APE, RACE, CREATE, SPARK — The Four Prompt Frameworks Every Prompt Should Match One Of

Every "bad prompt" I've seen debugged in the last year has had the same shape. The user knew what they wanted. They didn't tell the model all of it. Specifically: they left out one or two things from the list that turns into a prompting framework.

There are four named frameworks that dominate the 2026 prompting literature, and they overlap heavily. If your prompt satisfies any one of them, it's usually fine. If it doesn't satisfy any, the LLM is guessing about something it shouldn't have to guess about. The new Prompt Framework Auditor takes a prompt, scores it against all four, tells you which one it's closest to, and emits a scaffolded rewrite.

This post walks through the four frameworks, what each adds over the others, and when to pick which.

The four frameworks

APE — Action, Purpose, Expectation

The minimalist framework. Three elements:

  • Action. The verb — what should the LLM do? Analyze, summarize, list, identify, write, generate, compare.
  • Purpose. Why you need it — what will you do with the output?
  • Expectation. What the output should look like — format, length, structure.

APE is the floor. A prompt that doesn't have at least these three is leaving the LLM to guess about all three, which is the most common failure mode.

The prompt "Summarize this article in 3 bullets so I can decide if it's worth reading fully" is APE-complete. Action (summarize), purpose (decide if worth reading), expectation (3 bullets).

RACE — Role, Action, Context, Expectation

Adds two dimensions to APE:

  • Role. Who should the LLM be? "Act as a senior editor." "You are a mechanical engineer with 20 years of bridge-design experience."
  • Context. What background material does the LLM need? Source text, constraints, prior decisions.

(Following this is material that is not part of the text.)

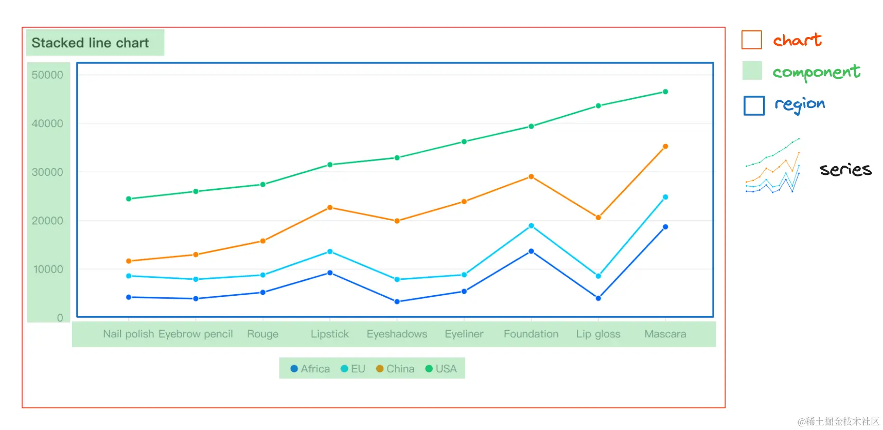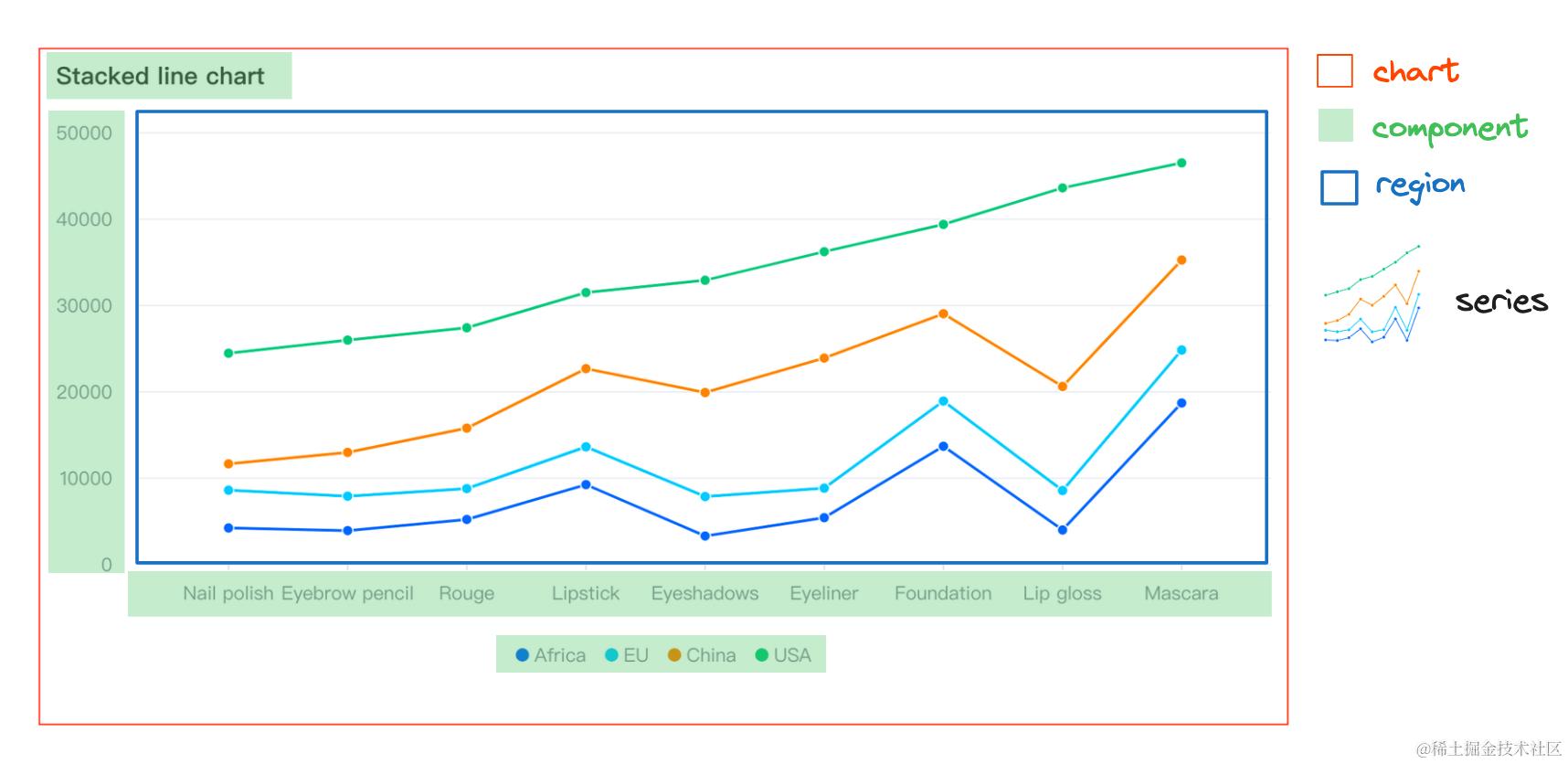 - 区域(region) 是一个空间信息元素,它可以关联一组或多组 series,帮助 series 进行空间定位,同时 region 还是一个最小组合单元。
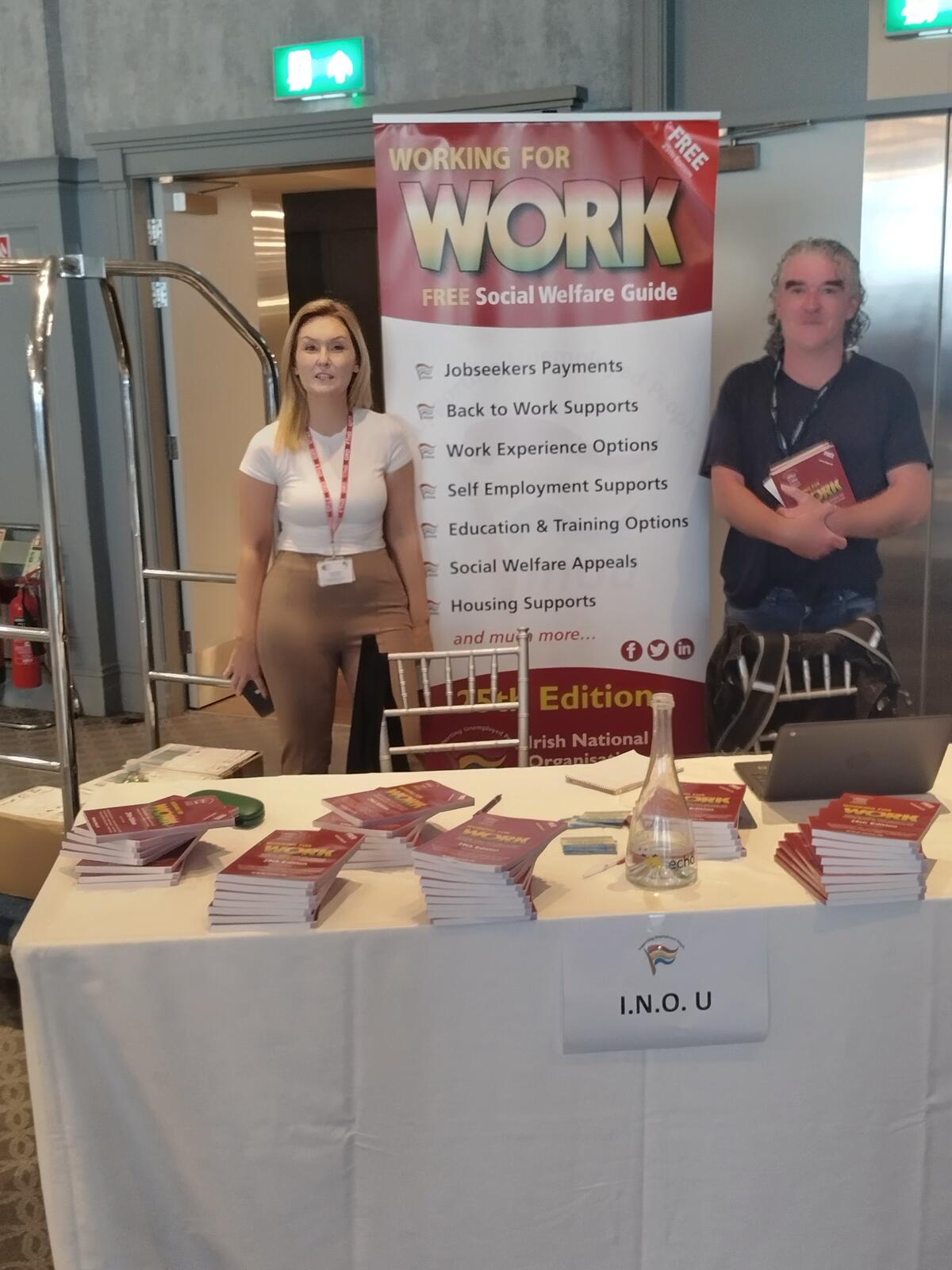 Attended on the day by Robbie and Gerry the event was extremely busy with a large number of queries presented to the INOU stand ranging from appeals to work and education supports and everything in between. We were kept busy throughout the day and some of the contacts have been ongoing since. We brought along a large number of copies of Working For Work and handed out all of them. The event was very well attended and organized.

RACE is the best all-rounder for knowledge work. Role framing alone lifts output quality substantially on any task where expertise matters — which is most knowledge work. Adding context lets the LLM ground its response in the specifics of your situation rather than generic best-practices.

"Act as a senior editor. Review this draft (pasted below) for tonal consistency against the brand voice defined in the attached style guide. Flag any passive-voice sentences and suggest active-voice rewrites. Return a table with three columns: Original, Issue, Suggested Rewrite." Role, action, context, expectation, all present.

CREATE — Character, Request, Examples, Additions, Type, Extras

The heaviest framework. Six elements:

  • Character. Same as Role. Persona the LLM should adopt.
  • Request. Same as Action. What to do.
  • Examples. Few-shot demonstrations of the desired output.
  • Additions. Context, constraints, background.
  • Type. What kind of deliverable — article, email, memo, list.
  • Extras. Tone, style, constraints, edge-case handling.

CREATE is designed for content production and style-sensitive work. The addition that matters most over RACE is Examples — few-shot examples lift output quality dramatically when the LLM needs to match a specific voice or format. If you have two or three previous examples of what "good" looks like, include them.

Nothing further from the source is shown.